Work to be completed: Nothing should appear in the answer except the lines from the one with "Auxiliary contact, Acti9" through the end of the listing below, transcribed exactly and without pictures.

Entries supplied:
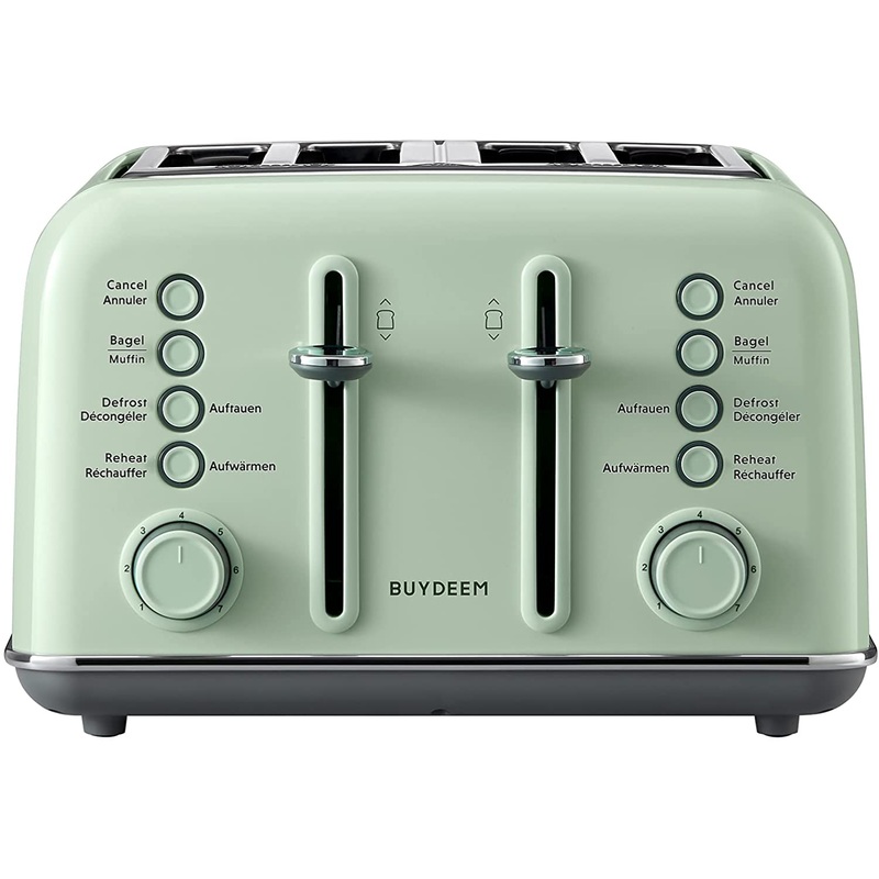 Your streamlined morning routine starts with BUYDEEM. Designed for efficiency and functionality, this 10-setting toaster is a must-have kitchen essential that reheats, defrosts, toasts bread, toasts the cut sides of bagels and more. With its pastel, vintage-style green exterior and dual control panels, this toaster will not only look great on your countertop but toast to perfection.
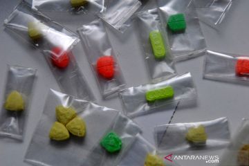 Pil ekstasi berbentuk wajah presiden Amerika Serikat Donald Trump yang berhasil disita oleh pihak berwenang di daerah Concepcion, Chile, Rabu (5/2/2020) waktu setempat. ANTARA FOTO/REUTERS/Jose Luis Saavedra/pras.
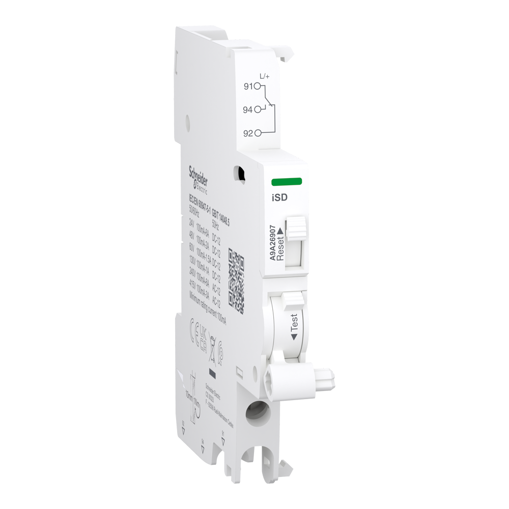 Auxiliary contact, Acti9 A9A, iSD, 1 C/O, 100mA to 6A, 24VAC to 415VAC, 24VDC to 130VDC, bottom connection
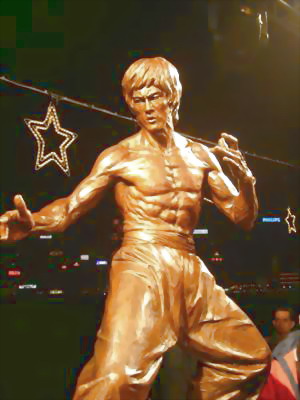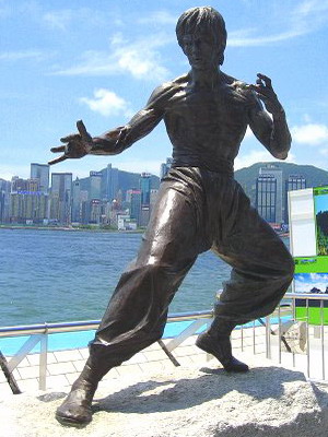 李小龙铜像位于香港尖沙咀东部海滨的“星光大道”,2005年由曾为邓小平塑像的内地着名雕塑家曹崇恩创作。
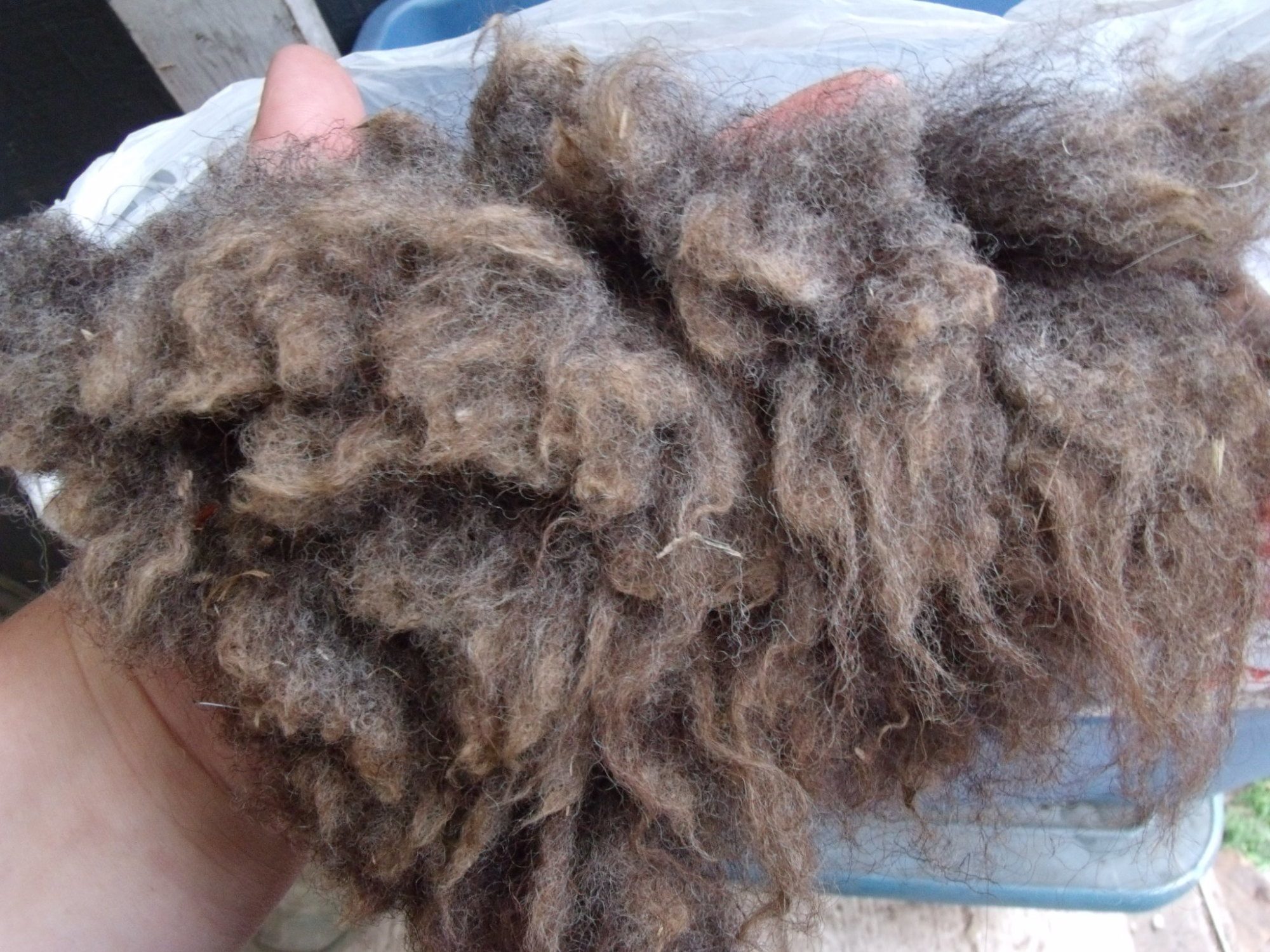 Gray/Brown Pygora, about half a feed bag full - a lot of large pieces from shearing - small donation/ Free
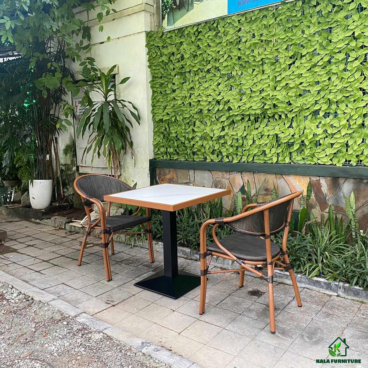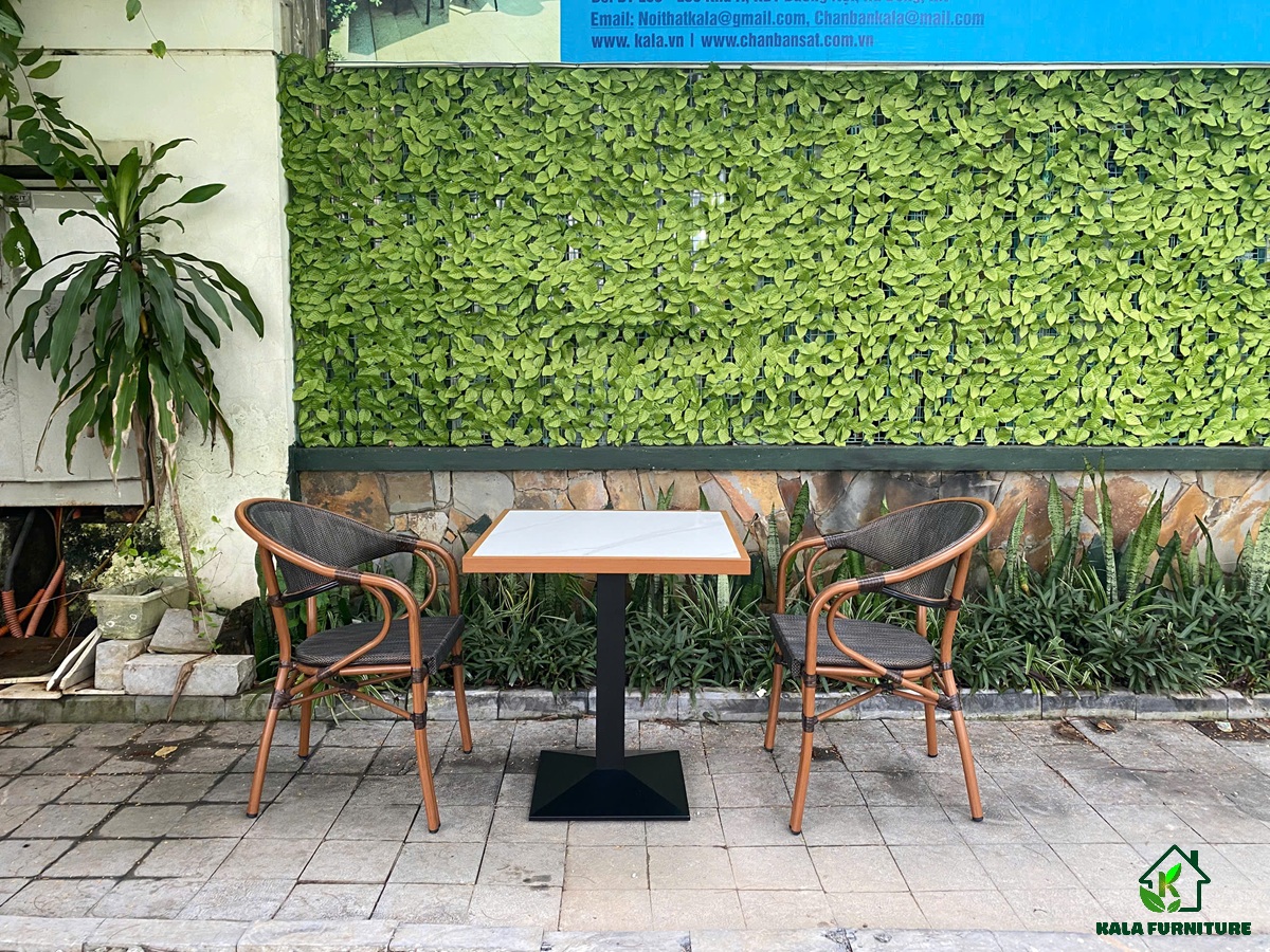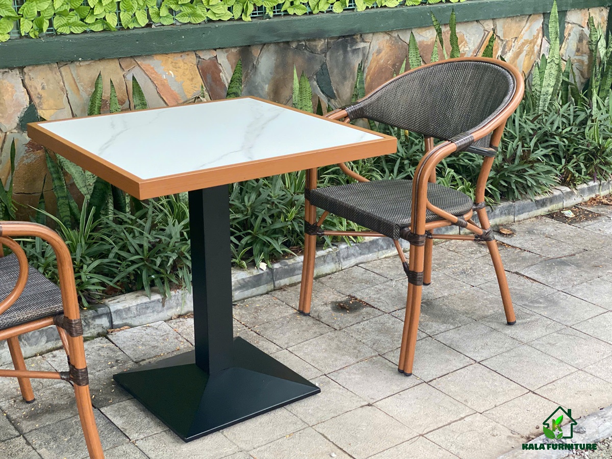 - Chất liệu: Chân bàn gang, mặt bàn đá bo viền nhôm giả gỗ sơn tĩnh điện.
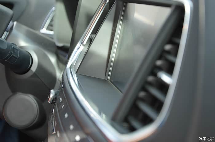 与中控台贯通一体的钢琴漆饰板经过一个漂亮的弧度巧妙地与三角形的铝拉丝饰板连接在了一起。

Result for this exercise:
 Auxiliary contact, Acti9 A9A, iSD, 1 C/O, 100mA to 6A, 24VAC to 415VAC, 24VDC to 130VDC, bottom connection
 李小龙铜像位于香港尖沙咀东部海滨的“星光大道”,2005年由曾为邓小平塑像的内地着名雕塑家曹崇恩创作。
 Gray/Brown Pygora, about half a feed bag full - a lot of large pieces from shearing - small donation/ Free
 - Chất liệu: Chân bàn gang, mặt bàn đá bo viền nhôm giả gỗ sơn tĩnh điện.
 与中控台贯通一体的钢琴漆饰板经过一个漂亮的弧度巧妙地与三角形的铝拉丝饰板连接在了一起。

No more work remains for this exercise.